27th December 2015, 02:03
New here: Misc Efforts
so, I have made various compressors generally for other purposes.
a few designs are at least vaguely notable:
which while seemingly otherwise a slight tweak on Deflate, gets BZIP2 like compression without sacrificing much in terms of speed, and fairly easily allows a encoder/decoder which is bitstream compatible with Deflate (IOW: less code if Deflate is also in use).
on my K10 it can get in-memory decode speeds of around 475 MB/sec, though falls behind ZLIBH for pure Huffman benchmarks (~ 140MB/s vs 205MB/s on this PC).
and a video codec:
which while not winning much in terms of epic speeds or bitrate, does at least do pretty ok at both, and also has fairly solid encode speeds (so, works pretty good for screen capture). it is lightweight enough to do real-time video encoding using a single CPU thread on the Raspberry Pi 2, and can stream webcam video from the original RasPi (mostly for robotics uses).
ADD: decoding a video to BGRA via its VfW API (single threaded), get around 150 Mpix/sec (1680x1050 at ~90 fps).
XviD generally gets around 105 Mpix/sec, and H264 gets around 160.
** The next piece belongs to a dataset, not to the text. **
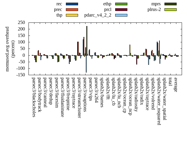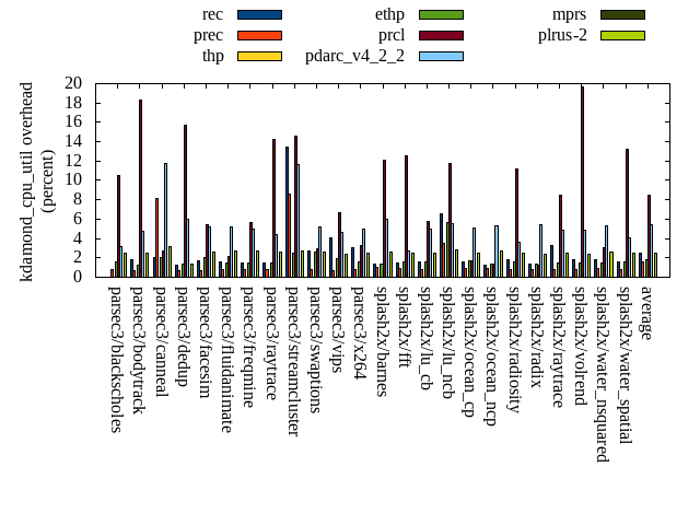 ======= Summary ======= runtime orig rec (overhead) prec (overhead) thp (overhead) ethp (overhead) prcl (overhead) pdarc_v4_2_2 (overhead) mprs (overhead) plrus-2 (overhead) parsec3/blackscholes 139.639 140.106 (0.33) 140.007 (0.26) 139.231 (-0.29) 139.825 (0.13) 151.774 (8.69) 140.699 (0.76) 139.945 (0.22) 139.988 (0.25) parsec3/bodytrack 126.738 127.145 (0.32) 128.071 (1.05) 125.709 (-0.81) 126.754 (0.01) 146.985 (15.98) 127.101 (0.29) 127.181 (0.35) 128.436 (1.34) parsec3/canneal 197.659 216.406 (9.48) 218.139 (10.36) 178.599 (-9.64) 202.600 (2.50) 226.931 (14.81) 219.349 (10.97) 335.016 (69.49) 344.678 (74.38) parsec3/dedup 18.448 18.371 (-0.41) 18.507 (0.32) 18.017 (-2.33) 18.361 (-0.47) 20.636 (11.86) 18.819 (2.01) 19.245 (4.32) 19.029 (3.15) parsec3/facesim 346.486 348.127 (0.47) 348.310 (0.53) 338.491 (-2.31) 339.917 (-1.90) 362.827 (4.72) 349.484 (0.87) 344.296 (-0.63) 346.982 (0.14) parsec3/fluidanimate 343.951 335.702 (-2.40) 335.908 (-2.34) 327.363 (-4.82) 330.267 (-3.98) 339.082 (-1.42) 334.895 (-2.63) 341.261 (-0.78) 344.937 (0.29) parsec3/freqmine 435.902 437.612 (0.39) 435.408 (-0.11) 435.969 (0.02) 437.446 (0.35) 446.943 (2.53) 439.226 (0.76) 437.461 (0.36) 439.167 (0.75) parsec3/raytrace 183.856 183.392 (-0.25) 183.576 (-0.15) 187.443 (1.95) 184.586 (0.40) 203.836 (10.87) 186.722 (1.56) 189.721 (3.19) 188.395 (2.47) parsec3/streamcluster 659.913 709.212 (7.47) 693.306 (5.06) 607.506 (-7.94) 609.194 (-7.69) 720.223 (9.14) 673.247 (2.02) 2711.575 (310.90) 2661.032 (303.24) parsec3/swaptions 221.045 221.680 (0.29) 221.485 (0.20) 221.647 (0.27) 221.700 (0.30) 225.442 (1.99) 223.010 (0.89) 220.451 (-0.27) 221.497 (0.20) parsec3/vips 100.948 101.876 (0.92) 100.987 (0.04) 100.704 (-0.24) 97.779 (-3.14) 103.816 (2.84) 101.476 (0.52) 102.781 (1.82) 103.085 (2.12) parsec3/x264 120.325 126.350 (5.01) 120.677 (0.29) 121.847 (1.26) 120.731 (0.34) 119.024 (-1.08) 126.570 (5.19) 125.851 (4.59) 129.727 (7.81) splash2x/barnes 128.982 133.024 (3.13) 130.662 (1.30) 118.474 (-8.15) 128.207 (-0.60) 146.247 (13.39) 132.709 (2.89) 136.919 (6.15) 138.150 (7.11) splash2x/fft 60.439 61.413 (1.61) 61.305 (1.43) 48.428 (-19.87) 60.892 (0.75) 65.350 (8.12) 62.351 (3.16) 98.971 (63.75) 99.185 (64.11) splash2x/lu_cb 133.655 133.119 (-0.40) 132.593 (-0.80) 132.943 (-0.53) 133.081 (-0.43) 138.832 (3.87) 132.896 (-0.57) 134.455 (0.60) 135.262 (1.20) splash2x/lu_ncb 150.074 152.744 (1.78) 152.256 (1.45) 149.986 (-0.06) 152.203 (1.42) 154.012 (2.62) 151.157 (0.72) 154.591 (3.01) 153.337 (2.17) splash2x/ocean_cp 78.831 84.463 (7.14) 82.105 (4.15) 75.997 (-3.59) 80.572 (2.21) 83.459 (5.87) 82.157 (4.22) 108.539 (37.69) 109.058 (38.34) splash2x/ocean_ncp 154.023 160.855 (4.44) 158.558 (2.94) 110.145 (-28.49) 137.851 (-10.50) 162.293 (5.37) 161.817 (5.06) 226.684 (47.18) 229.398 (48.94) splash2x/radiosity 142.956 142.980 (0.02) 143.214 (0.18) 141.009 (-1.36) 143.173 (0.15) 156.189 (9.26) 143.751 (0.56) 142.792 (-0.11) 142.988 (0.02) splash2x/radix 49.681 50.610 (1.87) 51.239 (3.14) 44.943 (-9.54) 49.068 (-1.23) 51.803 (4.27) 55.235 (11.18) 80.731 (62.50) 80.360 (61.75) splash2x/raytrace 133.575 136.571 (2.24) 135.913 (1.75) 131.277 (-1.72) 133.669 (0.07) 146.328 (9.55) 133.678 (0.08) 134.176 (0.45) 134.087 (0.38) splash2x/volrend 120.132 120.610 (0.40) 120.836 (0.59) 119.637 (-0.41) 119.780 (-0.29) 132.952 (10.67) 120.427 (0.25) 120.237 (0.09) 120.900 (0.64) splash2x/water_nsquared 370.419 370.837 (0.11) 373.543 (0.84) 350.588 (-5.35) 361.773 (-2.33) 418.671 (13.03) 371.403 (0.27) 394.940 (6.62) 392.465 (5.95) splash2x/water_spatial 133.219 133.474 (0.19) 133.154 (-0.05) 133.379 (0.12) 133.563 (0.26) 151.735 (13.90) 135.197 (1.48) 143.109 (7.42) 142.836 (7.22) total 4550.900 4646.670 (2.10) 4619.770 (1.51) 4359.350 (-4.21) 4462.980 (-1.93) 4875.390 (7.13) 4623.400 (1.59) 6970.920 (53.18) 6945.000 (52.61) average 189.621 193.611 (1.84) 192.490 (1.35) 181.640 (-4.33) 185.957 (-0.99) 203.141 (7.54) 192.642 (2.19) 290.455 (26.20) 289.375 (26.42) kdamond_cpu_util orig rec (overhead) prec (overhead) thp (overhead) ethp (overhead) prcl (overhead) pdarc_v4_2_2 (overhead) mprs (overhead) plrus-2 (overhead) parsec3/blackscholes 0.000 0.000 (0.00) 0.816 (0.82) 0.000 (0.00) 1.605 (1.61) 10.473 (10.47) 3.141 (3.14) 0.000 (0.00) 2.460 (2.46) parsec3/bodytrack 0.000 1.811 (1.81) 0.707 (0.71) 0.000 (0.00) 1.281 (1.28) 18.324 (18.32) 4.786 (4.79) 0.000 (0.00) 2.438 (2.44) parsec3/canneal 0.000 2.061 (2.06) 8.180 (8.18) 0.000 (0.00) 2.000 (2.00) 2.764 (2.76) 11.740 (11.74) 0.000 (0.00) 3.172 (3.17) parsec3/dedup 0.000 1.276 (1.28) 0.677 (0.68) 0.000 (0.00) 1.389 (1.39) 15.753 (15.75) 5.937 (5.94) 0.000 (0.00) 1.382 (1.38) parsec3/facesim 0.000 1.725 (1.73) 0.723 (0.72) 0.000 (0.00) 2.086 (2.09) 5.376 (5.38) 5.243 (5.24) 0.000 (0.00) 2.632 (2.63) parsec3/fluidanimate 0.000 1.552 (1.55) 0.812 (0.81) 0.000 (0.00) 1.519 (1.52) 2.170 (2.17) 5.212 (5.21) 0.000 (0.00) 2.685 (2.69) parsec3/freqmine 0.000 1.473 (1.47) 0.818 (0.82) 0.000 (0.00) 1.483 (1.48) 5.609 (5.61) 4.949 (4.95) 0.000 (0.00) 2.677 (2.68) parsec3/raytrace 0.000 1.518 (1.52) 0.821 (0.82) 0.000 (0.00) 1.442 (1.44) 14.230 (14.23) 4.417 (4.42) 0.000 (0.00) 2.546 (2.55) parsec3/streamcluster 0.000 13.423 (13.42) 8.638 (8.64) 0.000 (0.00) 2.542 (2.54) 14.542 (14.54) 11.646 (11.65) 0.000 (0.00) 2.699 (2.70) parsec3/swaptions 0.000 2.688 (2.69) 0.780 (0.78) 0.000 (0.00) 2.633 (2.63) 2.974 (2.97) 5.173 (5.17) 0.000 (0.00) 2.578 (2.58) parsec3/vips 0.000 4.101 (4.10) 0.705 (0.70) 0.000 (0.00) 1.914 (1.91) 6.664 (6.66) 4.606 (4.61) 0.000 (0.00) 2.414 (2.41) parsec3/x264 0.000 3.082 (3.08) 0.741 (0.74) 0.000 (0.00) 1.637 (1.64) 3.305 (3.31) 4.976 (4.98) 0.000 (0.00) 2.482 (2.48) splash2x/barnes 0.000 1.391 (1.39) 0.973 (0.97) 0.000 (0.00) 1.377 (1.38) 12.129 (12.13) 5.958 (5.96) 0.000 (0.00) 2.590 (2.59) splash2x/fft 0.000 1.468 (1.47) 0.867 (0.87) 0.000 (0.00) 1.610 (1.61) 12.584 (12.58) 2.768 (2.77) 0.000 (0.00) 2.458 (2.46) splash2x/lu_cb 0.000 1.554 (1.55) 0.794 (0.79) 0.000

some of my past faster VQ codecs got around 200 Mpix/sec per thread on the BGRA path, but had a worse bitrate and quality. this one can at least give ok video quality at 0.2-0.4 bpp or so (video in question was 0.12 bpp).
ADD2: turns out a bug caused the benchmark to do needless BGRA2RGBA conversion, fixing gives around 225 Mpix/sec. another optimization (skipping decoding skipped blocks) bumped decode to ~ 280-384 for BGRA.
it uses a combination of SMTF and AdRice for a lot of its entropy coding. it was based on an earlier MTF+AdRice based LZ77 compressor, which gave better compression than Deflate in the sub 500-1000 byte range, due mostly I think to having a lower constant overhead.
though not quite as fast, it does show up ok in entropy benchmarks:
where I had added a few of mine at the bottom:
BGB ZH0 = BTLZH being used as a Huffman coder (basically, LZ matches are disabled in the encoder, but this is about it);
BGB MTFRice0 = SMTF+AdRice.
note SMTF here:
noting that it is at least in a similar speed range to some of the other Huffman compressors.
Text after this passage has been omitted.